**Data to examine**:
* * * * * * *

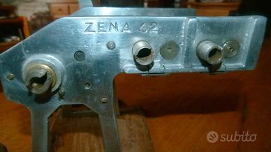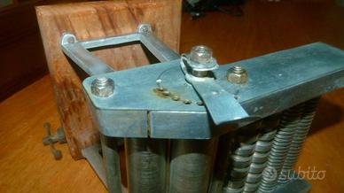 Macchina per pasta ZENA 42. Meccanismo di rotazione e regolazione spessore della sfoglia funzionanti. Segni di usura e ossidazione. Completa di manovella e gancio di fissaggio. Base in legno originale, non in alluminio degli altri modelli.
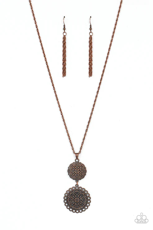 Filled with floral filigree, a scalloped copper frame links with a matching frame scalloped in an airy dotted trim, creating a whimsically stacked pendant at the bottom of a lengthened copper chain. Features an adjustable clasp closure.
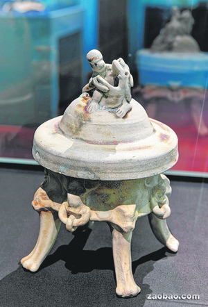 熏爐蓋上的男子奮力掰開的獅口是熏煙的出口。
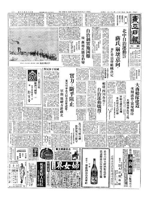 - 自治制實施困難(자치제실시곤난) 韓(한)、商兩氏態度豹變(상량씨태도표변)
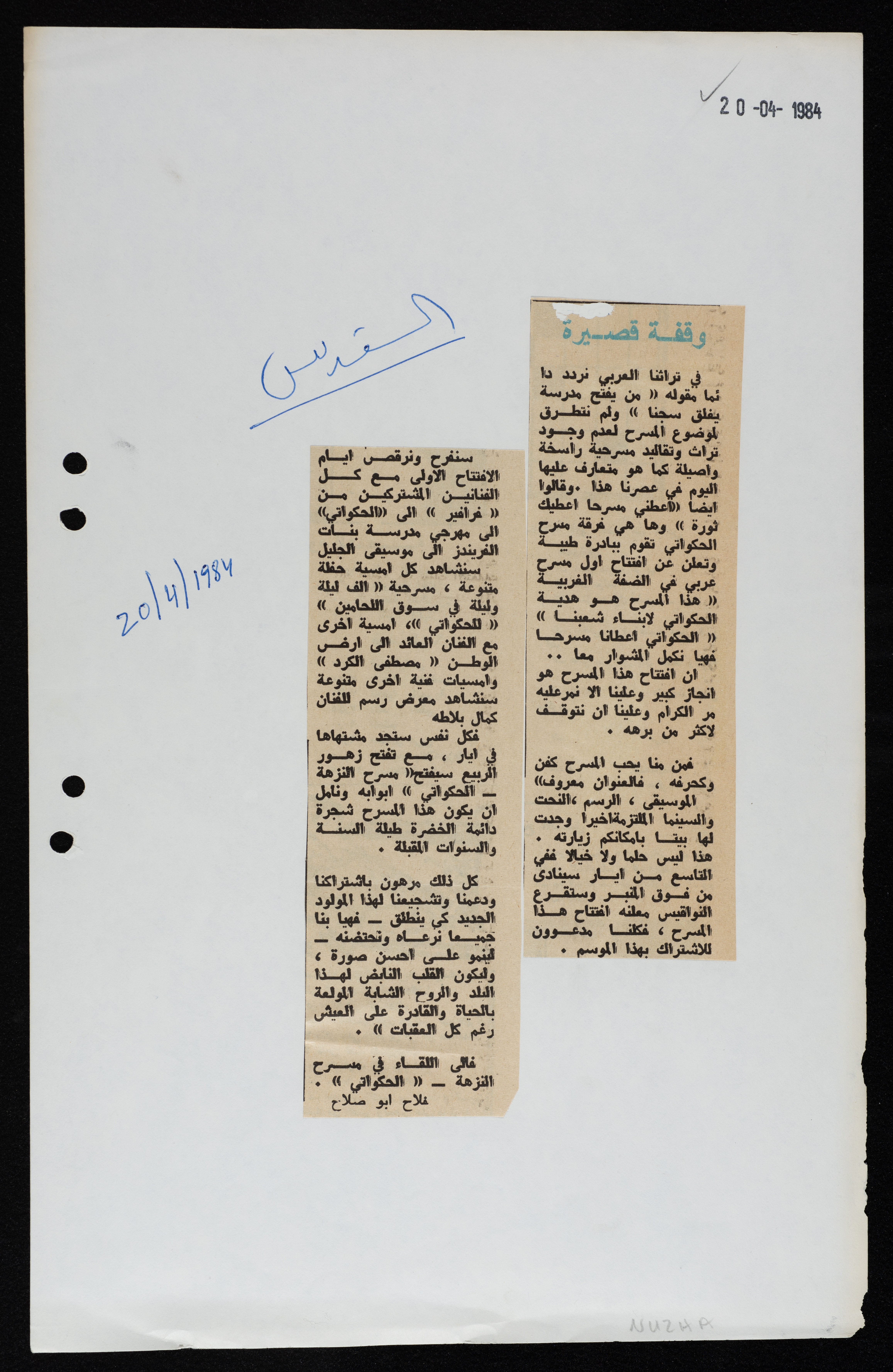 قصاصة من جريدة القدس تتضمن خبراً حول افتتاح مسرح النزهة "الحكواتي" في مدينة القدس عام 1984.

* * * * * * *

**Prompt**: Your copy must start at the line that holds "Filled with floral" and end at the last line of the data, both included; it must contain no pictures.

**Your solution**:
 Filled with floral filigree, a scalloped copper frame links with a matching frame scalloped in an airy dotted trim, creating a whimsically stacked pendant at the bottom of a lengthened copper chain. Features an adjustable clasp closure.
 熏爐蓋上的男子奮力掰開的獅口是熏煙的出口。
 - 自治制實施困難(자치제실시곤난) 韓(한)、商兩氏態度豹變(상량씨태도표변)
 قصاصة من جريدة القدس تتضمن خبراً حول افتتاح مسرح النزهة "الحكواتي" في مدينة القدس عام 1984.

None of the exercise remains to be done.